What this task involves:
Reproduce exactly the lines of this material that begin at the line with "Двор-парк площадью 1,7" and end at the line with "Nagy erőkkel folynak", both included. Omit the pictures and everything else.

Exercise material:

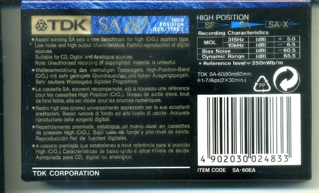 TDK SA 60EA Type II cassette For CD NIEUW GESEALD
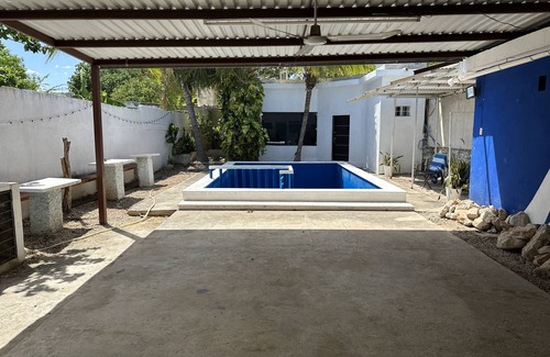 Relax with the whole family at this peaceful place in Merida. This house is 15 minutes from "El Centro" and it is located in a traditional colonia that will allow you to absorb the true culture of Merida.. The AC units placed through the house as well as the refreshing pool provide a comfortable place in a very hot city. The room in the back is not included in the rental.
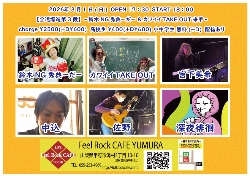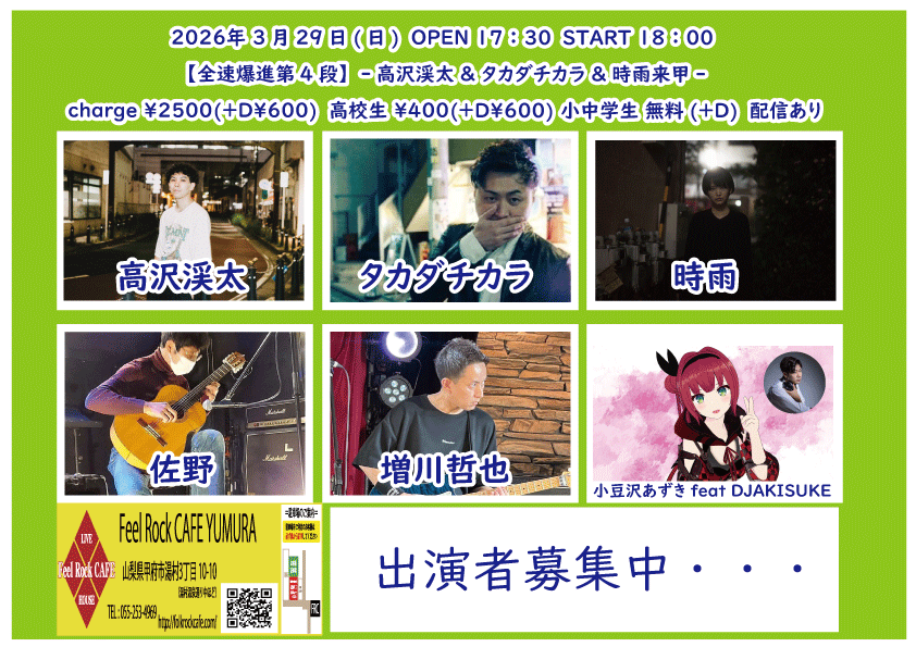 OPEN 17:40START 18:00 チケット前売り ¥2500(+D¥600) 学生 無料(+D¥600) チケット当日 ¥2500(+D¥600) 学生 無料(+D¥600) [出演] ①19:00-19:30 こーたろー ②19:35-20:05 増川哲也 ③20:10-20:55 雪乃(神奈川) ④21:00-21:45 月ノ雫(東京) ⑤21:50-22:35 ユータ(静岡) 無料生配信 https://twitcasting.tv/feelrockcafe 応援チャージ・ドリンク差し入れあり (アーカイブ視聴可能な合言葉を送ります) https://x.gd/Cevym 未就学児は無料(ドリンク任意) 【チケット予約】 2026-03-01 (日) 【全速爆進第3段】-鈴木NG秀典ーだー & かわいいTAKE OUT来甲-
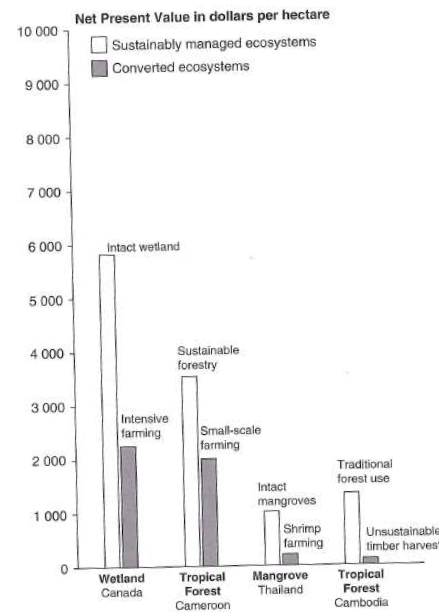 when looking at statistics comparing the net present value in dollars per hectare between sustainably managed ecosystems and converted ecosystems, you can see that ecosystems that are sustainably managed are far more profitable than those that have been converted. the difference is averaging an over half profitability.
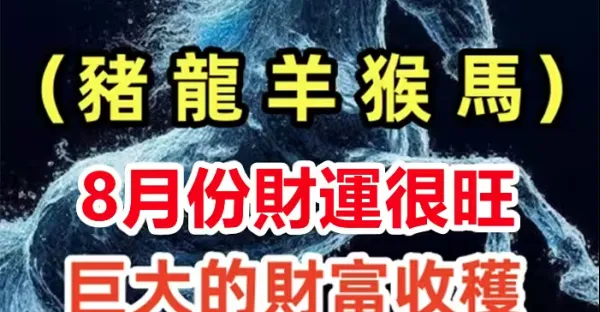 (豬 龍 羊 猴 馬)8月份財運很旺,巨大的財富 收穫!
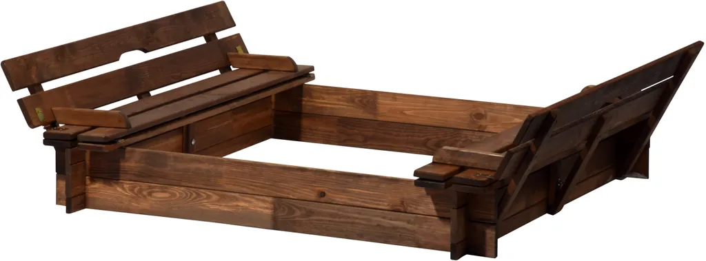 Spiel und Spaß im heimischen Garten bietet dieser hochwertige Sandkasten von dobar. Die verschließbare Buddelkiste verfügt über eine solide Abdeckung aus Massivholz, die sich im Nu in zwei bequeme Sitzbänke ausklappen lässt. Die beiden Sitzbänke haben eine Sitzhöhe von ca. 22,5 cm und können jeweils mit 100 kg belastet werden. Für eine größtmögliche Lebensdauer der Sandkiste sollte diese im Winter überdacht gelagert und regelmäßig mit Holzschutzfarbe gestrichen werden. Sämtliches Montagezubehör, sowie eine bebilderte Aufbauanleitung ist im Lieferumfang enthalten. Der Sandkasten ist im verschlossenen Zustand ca. 118 x 118 x 21 cm (L x B x H) groß und wiegt ca. 18,2 kg.
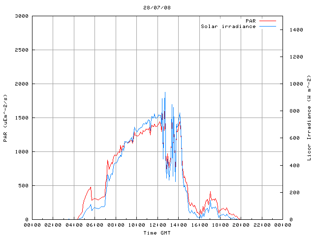 The PML meteorological station, situated on the south-west corner of the building roof, consists of a Hygroclip S3 temperature and humidity sensor housed in a radiation shield, a Mierij Meteo solid state wind sensor (MMW-005), a Chelsea instruments half-hemisphere PAR sensor, a Li-Cor pyranometer (LI-200SZ) and an Omni Instruments 6" tipping bucket raingauge (RG200). The data are logged every 5 minutes using a Pace Scientific XR5 data logger. The real-time rainfall data is likely in error - the correct values will be displayed after a time lag of approximately 24 hours. The meteorological station is sheltered from winds in the north-east and underestimates winds from this quarter. To use these data please contact Dr Tim Smyth.
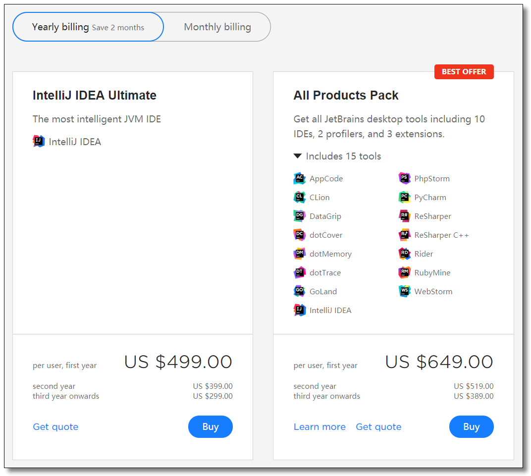 (左侧),JetBrains 全家桶(右侧)的价格是$649.00
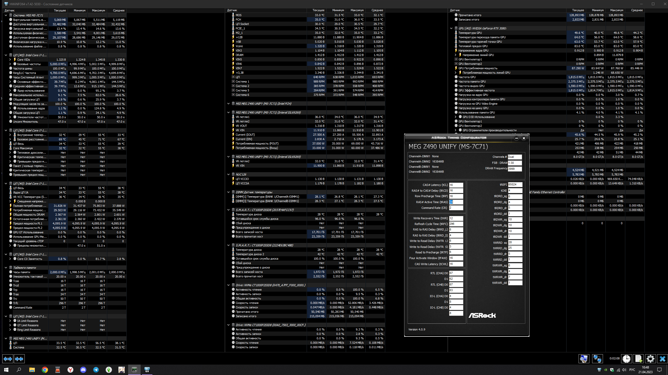 Память Kingston Fury на чипах Нанья, 2x16 двухранговая, по умолчанию идет 3200 16-18-18 1.35v, получилось немного ее разогнать, но что удивительно, по частоте память не идет ни в какую, а вот первичные тайминги удалось поджать неплохо, для этого пришлось поднять напругу до 1.410v
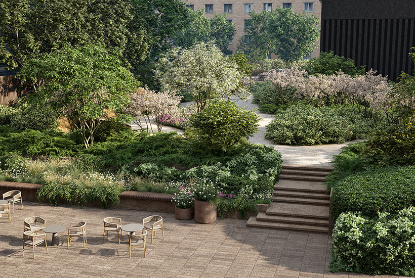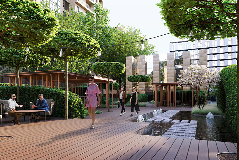 Двор-парк площадью 1,7 гектара будет всесезонным: озеленение включает деревья и другие растения с разными периодами цветения. Территория разделена на зоны активного и спокойного отдыха – спортивная площадка и воркаут-зона по стандарту Fit Lab, а также пространства с гамаками, беседками и шезлонгами, создана развивающая детская площадка по стандарту Kid’s Lab. В подземной части оборудуют одноуровневый паркинг на 410 мест.
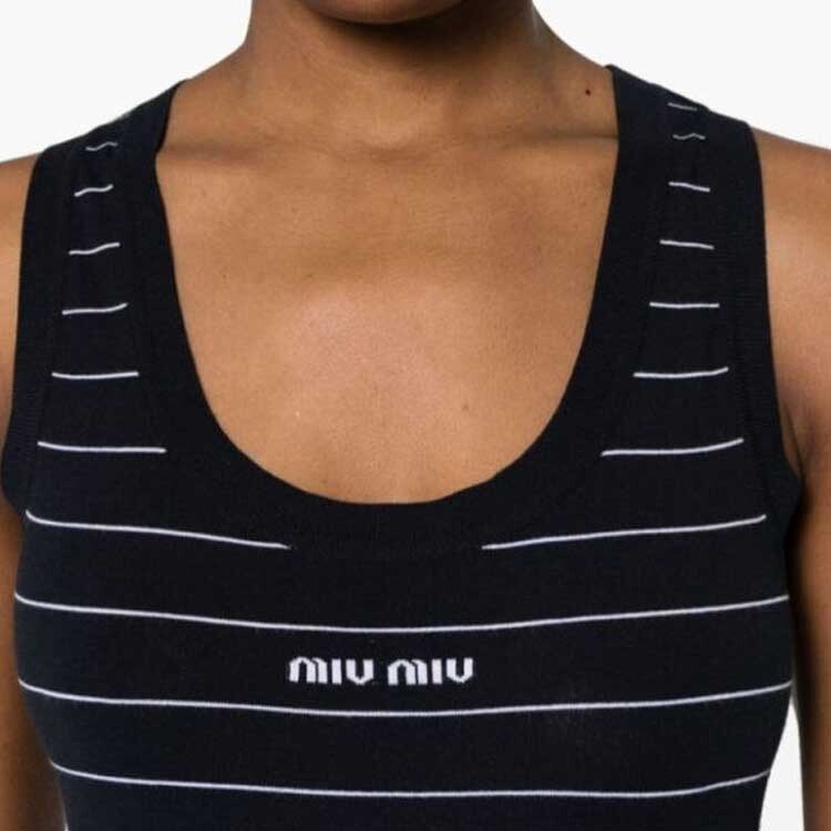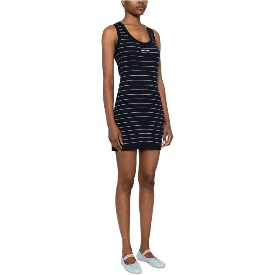 Платье без рукавов женское темно-синее Miu Miu
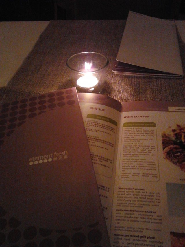 晚餐@新元素 甘之如怡等級42012-10-1211 瀏覽 關注 和朋友两个人相约去新元素,准备拍菜的照片的,木想到才拍了张桌子的照片,手机就木电了,相当悲催。 我点了一份美国西南海鲜色拉,里头有虾,仙贝,各色蔬菜,墨西哥青椒,再要了一杯覆盆子芒果果昔。海鲜色拉,端上来好大一盆,不过都是那些蔬菜叶子看着庞大啦,哈哈,虾和仙贝的味道有些淡,不过蔬菜口感很新鲜。覆盆子芒果果昔,味道很好,酸酸甜甜的,喜欢。 朋友点的是凯撒色拉加鸡胸肉,和西瓜汁。 甜点我们share了一份巧克力蛋糕,盘子里放了一个香草单球和一片巧克力蛋糕切片,蛋糕蘸着冰淇淋一起吃,超赞! 我们6点多进去吃的,谈到10点多出来,呵呵,桌上的蜡烛都点完了!以上食評乃用戶個人意見 , 並不代表OpenRice之觀點。讚好分享晚餐@新元素 新元素 https://s.openrice.com/KtbT1009b8300檢舉 張貼 評分4味道4環境4服務4衛生3抵食
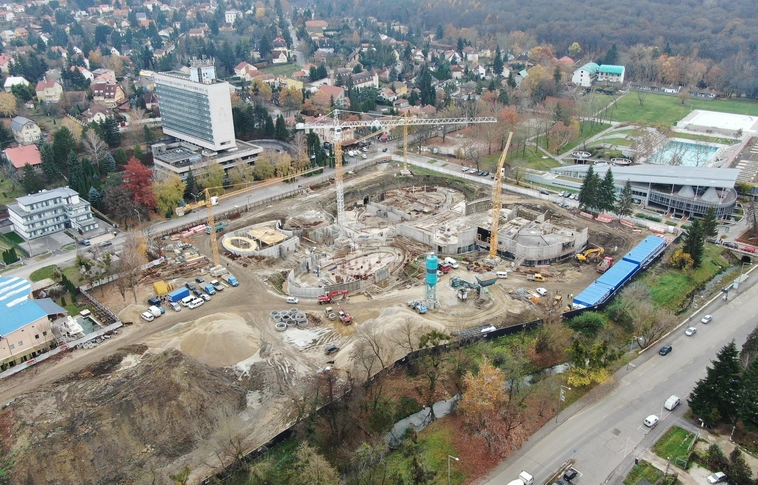 Nagy erőkkel folynak a munkák a Tapolcai Strand II. ütemének beruházásán. A kivitelező a még gyorsabb munkavégzés érdekében a napokban egy ötödik toronydarut is bevont a helyszínen. Amíg az időjárás engedi, a különféle vasbeton szerkezetek kivitelét végzik.
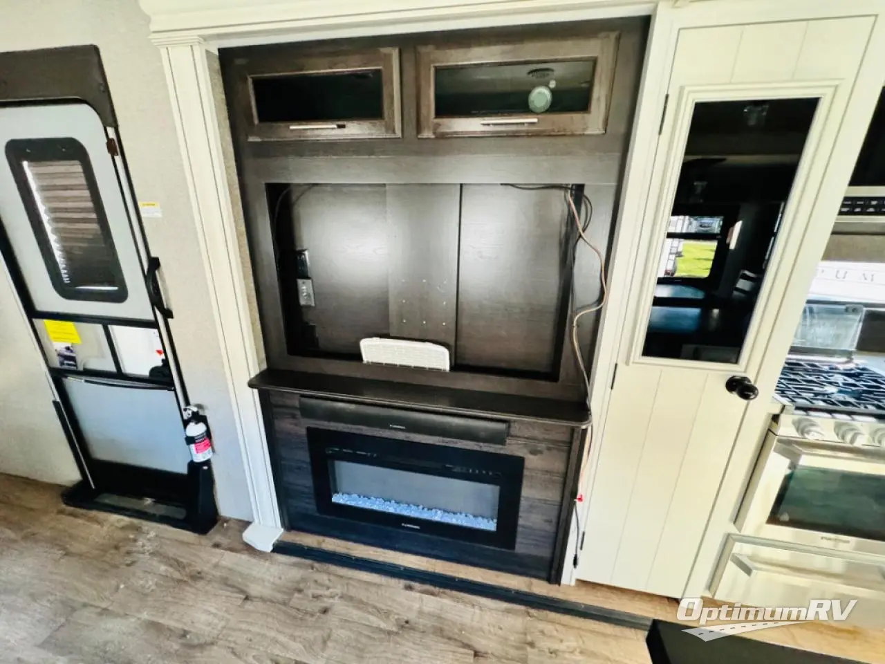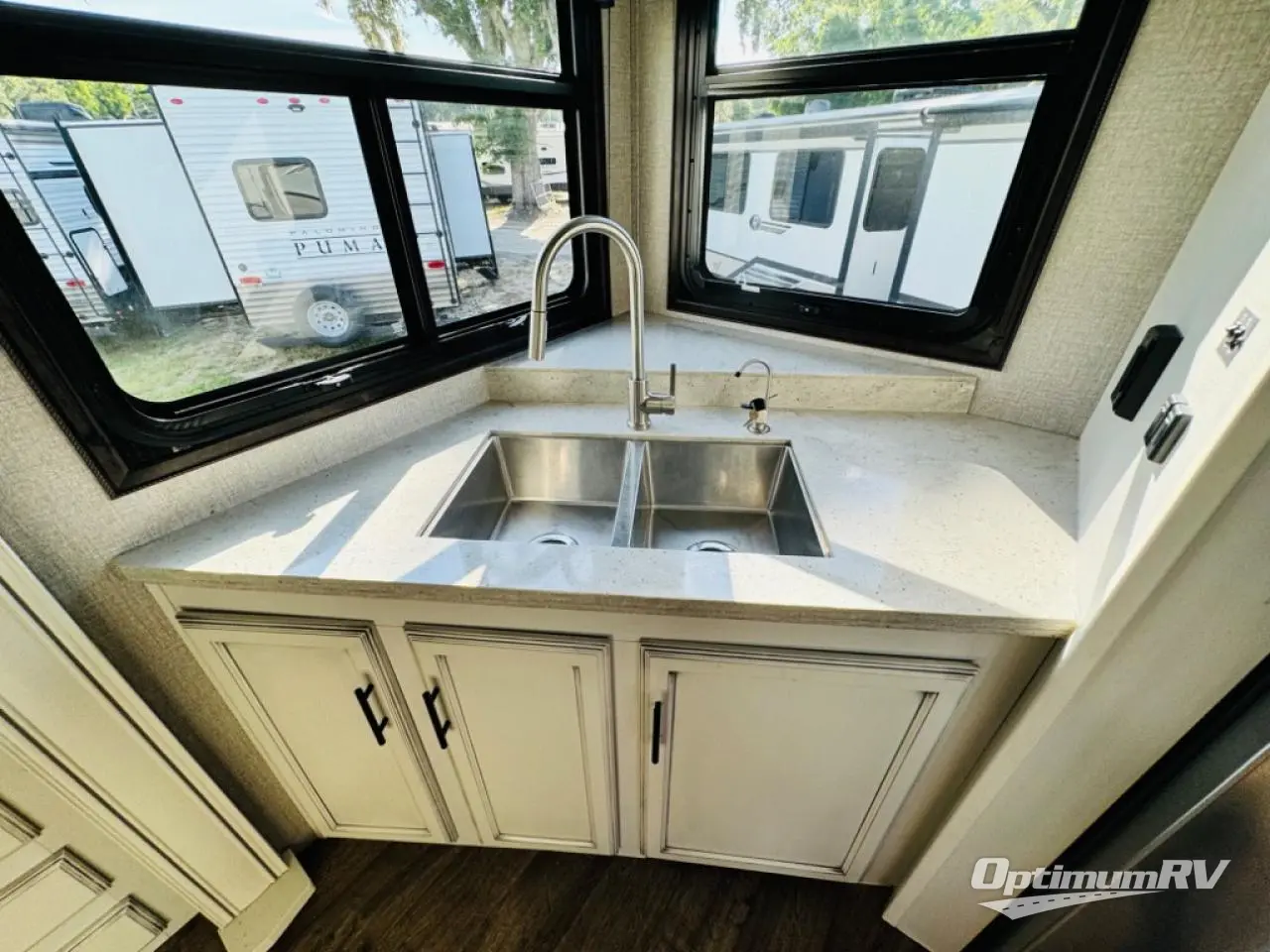 Your family will love spending their time sitting at the huge island with bar stools while they watch you prep dinner on the solid-surface countertops in this Eagle travel trailer! The bamboo sink cover and strainer is a great addition to this already fabulous kitchen, and the opposing slides are also extremely helpful because they allow you to have plenty of space as you move about the kitchen. If you prefer to grill your burgers outside in the fresh air, you are in luck because there has been an outdoor kitchen added to this model!

Response for this exercise:
 Двор-парк площадью 1,7 гектара будет всесезонным: озеленение включает деревья и другие растения с разными периодами цветения. Территория разделена на зоны активного и спокойного отдыха – спортивная площадка и воркаут-зона по стандарту Fit Lab, а также пространства с гамаками, беседками и шезлонгами, создана развивающая детская площадка по стандарту Kid’s Lab. В подземной части оборудуют одноуровневый паркинг на 410 мест.
 Платье без рукавов женское темно-синее Miu Miu
 晚餐@新元素 甘之如怡等級42012-10-1211 瀏覽 關注 和朋友两个人相约去新元素,准备拍菜的照片的,木想到才拍了张桌子的照片,手机就木电了,相当悲催。 我点了一份美国西南海鲜色拉,里头有虾,仙贝,各色蔬菜,墨西哥青椒,再要了一杯覆盆子芒果果昔。海鲜色拉,端上来好大一盆,不过都是那些蔬菜叶子看着庞大啦,哈哈,虾和仙贝的味道有些淡,不过蔬菜口感很新鲜。覆盆子芒果果昔,味道很好,酸酸甜甜的,喜欢。 朋友点的是凯撒色拉加鸡胸肉,和西瓜汁。 甜点我们share了一份巧克力蛋糕,盘子里放了一个香草单球和一片巧克力蛋糕切片,蛋糕蘸着冰淇淋一起吃,超赞! 我们6点多进去吃的,谈到10点多出来,呵呵,桌上的蜡烛都点完了!以上食評乃用戶個人意見 , 並不代表OpenRice之觀點。讚好分享晚餐@新元素 新元素 https://s.openrice.com/KtbT1009b8300檢舉 張貼 評分4味道4環境4服務4衛生3抵食
 Nagy erőkkel folynak a munkák a Tapolcai Strand II. ütemének beruházásán. A kivitelező a még gyorsabb munkavégzés érdekében a napokban egy ötödik toronydarut is bevont a helyszínen. Amíg az időjárás engedi, a különféle vasbeton szerkezetek kivitelét végzik.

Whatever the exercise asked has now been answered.